=== Activity ===
Please, without any pictures, set down exactly the part of the listing below that opens with the line containing "Dame Rynket tankini" and closes with the line containing "植物科学技术系姜瑀麒同学的诵".

=== Data ===
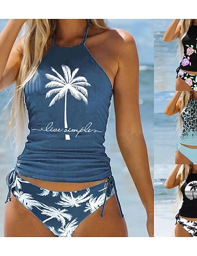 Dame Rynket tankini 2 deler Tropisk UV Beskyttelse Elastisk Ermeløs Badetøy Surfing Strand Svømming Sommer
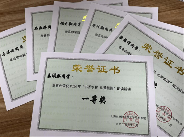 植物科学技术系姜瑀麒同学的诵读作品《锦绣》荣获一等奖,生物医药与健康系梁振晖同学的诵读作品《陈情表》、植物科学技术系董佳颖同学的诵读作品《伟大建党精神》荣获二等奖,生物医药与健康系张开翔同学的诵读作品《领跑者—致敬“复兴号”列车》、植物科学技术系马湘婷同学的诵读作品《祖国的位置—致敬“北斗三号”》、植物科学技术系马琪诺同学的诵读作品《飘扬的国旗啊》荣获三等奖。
---
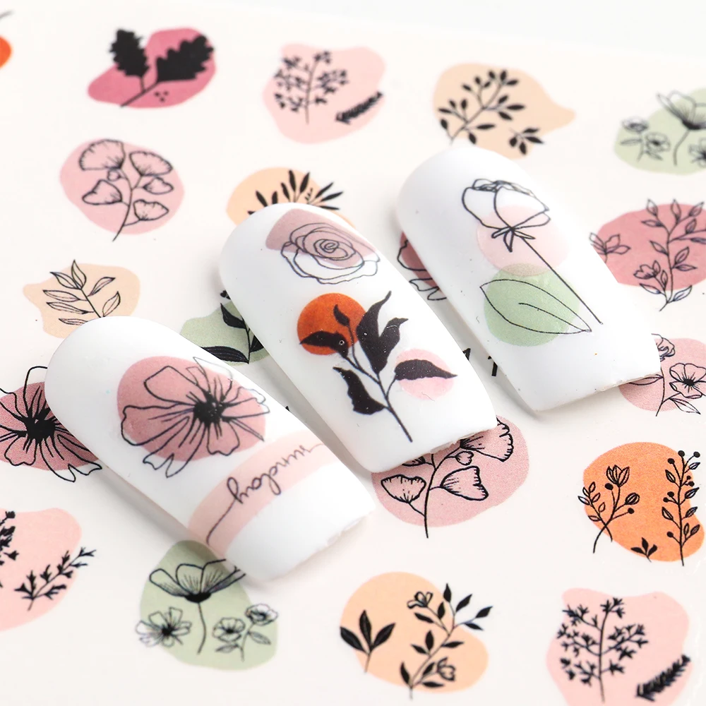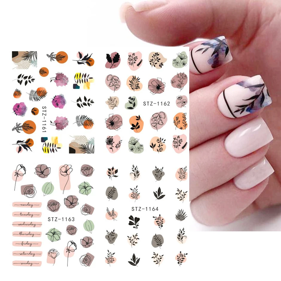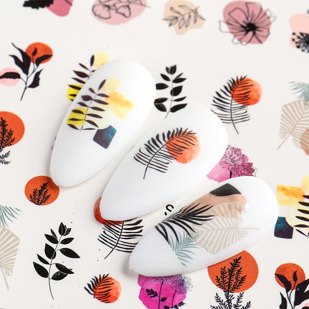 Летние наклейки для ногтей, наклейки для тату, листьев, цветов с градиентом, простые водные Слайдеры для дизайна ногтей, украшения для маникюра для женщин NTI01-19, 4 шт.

=== Output for this task ===
 Dame Rynket tankini 2 deler Tropisk UV Beskyttelse Elastisk Ermeløs Badetøy Surfing Strand Svømming Sommer
 植物科学技术系姜瑀麒同学的诵读作品《锦绣》荣获一等奖,生物医药与健康系梁振晖同学的诵读作品《陈情表》、植物科学技术系董佳颖同学的诵读作品《伟大建党精神》荣获二等奖,生物医药与健康系张开翔同学的诵读作品《领跑者—致敬“复兴号”列车》、植物科学技术系马湘婷同学的诵读作品《祖国的位置—致敬“北斗三号”》、植物科学技术系马琪诺同学的诵读作品《飘扬的国旗啊》荣获三等奖。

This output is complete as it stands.